I just cannot imagine forming a deep, long-term connection with someone who frequently engages with a technology that’s kneecapping our collective attention spans and possibly signaling total apocalypse. Inquisitiveness, originality, uniqueness – I likely won’t find what I value in someone who thinks “productivity” means prompting an app to recap a movie plot so they don’t have to spend their time, you know, watching it.

Ask yourself if your [dating] preference is really supporting your future goals.

Ali Jackson, a romantic coach located in New York, employs ChatGPT for certain tasks – but she is not an advocate. In the past six months or so, she says “every one” of her clients has approached her complaining about “chatfishing” or people who use AI to generate everything on their dating apps – all the way down to the DMs they send. I inquired Jackson if my rule against ChatGPT users was too harsh. She said no, go forth and evaluate, though it might limit my dating pool – about 10% of the adult population now utilizes the tech.

“Ask yourself if your preference is really supporting your long-term goals,” Jackson said. “In your case, I would presume that’s one of your principles, and it’s essential to find someone whose beliefs are in sync with yours.”

Additional People Expressing AI Concerns.

The aversion for AI applies beyond the dating realm. Ana Pereira, 26, resides in Brooklyn and does sound for multiple live music venues across the city. She fantasizes about going into her phone settings and disabling AI features on all her apps, though tech platforms from Google to Spotify make it nearly impossible to disable. Pereira believes that using ChatGPT “shows such a laziness”.

“It’s like you are unable to think for yourself, and you have to depend on an app for that,” she said.

Two of Pereira’s friends lately had a complicated breakup. She supported one of them after learning the other turned to ChatGPT, a infamously awful therapy substitute, not their partner, when they needed to talk about their feelings. “It’s like they didn’t want to sit through any uncomfortable human feelings,” she said. “They just wanted to process something and continue, which is not how things work.”

Eventually, I could not handle it on my own. I had grown too dependent on AI for even routine tasks.

Richard Barnes, who is 31 and is a marine biologist and restaurant server in Hawaii, is similarly skeptical. “I don’t know if I would think otherwise about someone who uses ChatGPT, but I would be like, ‘come on,’” he said. “You shouldn’t have to depend on it to make a grocery list. Your life is likely not that hard. We can make the list together.”

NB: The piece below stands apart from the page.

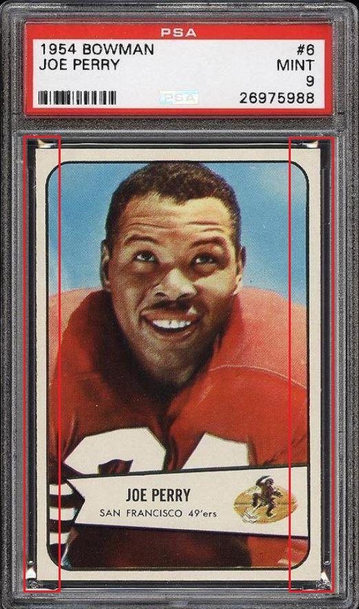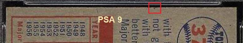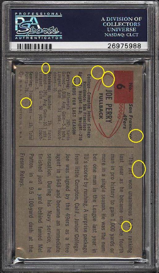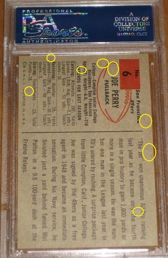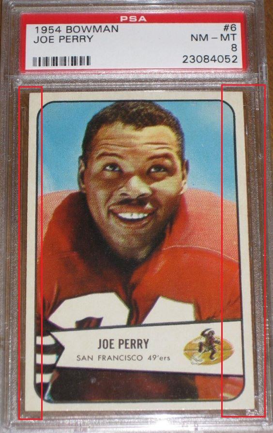 1954 Bowman Joe Perry #6 Value gain of $327.58 PSA Set Registry: TheBartholomewCollection This card was purchased by masked VCP ID m***h (Johnny Adams, Jr.) from Ebay seller m.sassin as a PSA 8 for $59.00 on March 26, 2016. Same card was sold by PWCC as a PSA 9 for $386.58 on April 25, 2017. Yellow circles are print, fiber, or chipping identifiers. Red boxes identify trimmed left and right edges. ![]() ![]() ![]() ![]() ![]() ![]()
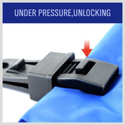 - Ratchet and lock jaws grab and squeeze material into place.

Celebrity and Tech Backlash.

When director Guillermo del Toro said he would “rather die” than use AI tools, it made headlines. Ditto for, SZA’s Instagram stories rant against the tech warning about “environmental racism” and showing fear over users who are “codependent on a machine”. Ditto still for when Simu Liu, Alison Roman, Céline Dion, Emily Blunt, and others make statements that are skeptical of AI in their respective industries. I think these quotes spread widely for a cause: people agree with them.

Even, to an extent, the people who power the tech industry. Last month, Pinterest added a filter that lets users disable AI content. Meta lets users mute, but not entirely deactivate, comparable slop on Instagram. Sources suggested that “cursor resistance” is on the rise, as some Silicon Valley techies refuse to use AI to write their code.

{Luciano Noijeen, a lead software engineer working in Greece and the Netherlands, told me that he enthusiastically used AI in the past to write or enhance his coding.|According to Luciano Noijeen, a {lead|

Katrina Jennings
Katrina Jennings

A seasoned automation engineer with over a decade of experience in optimizing industrial processes and mentoring future innovators.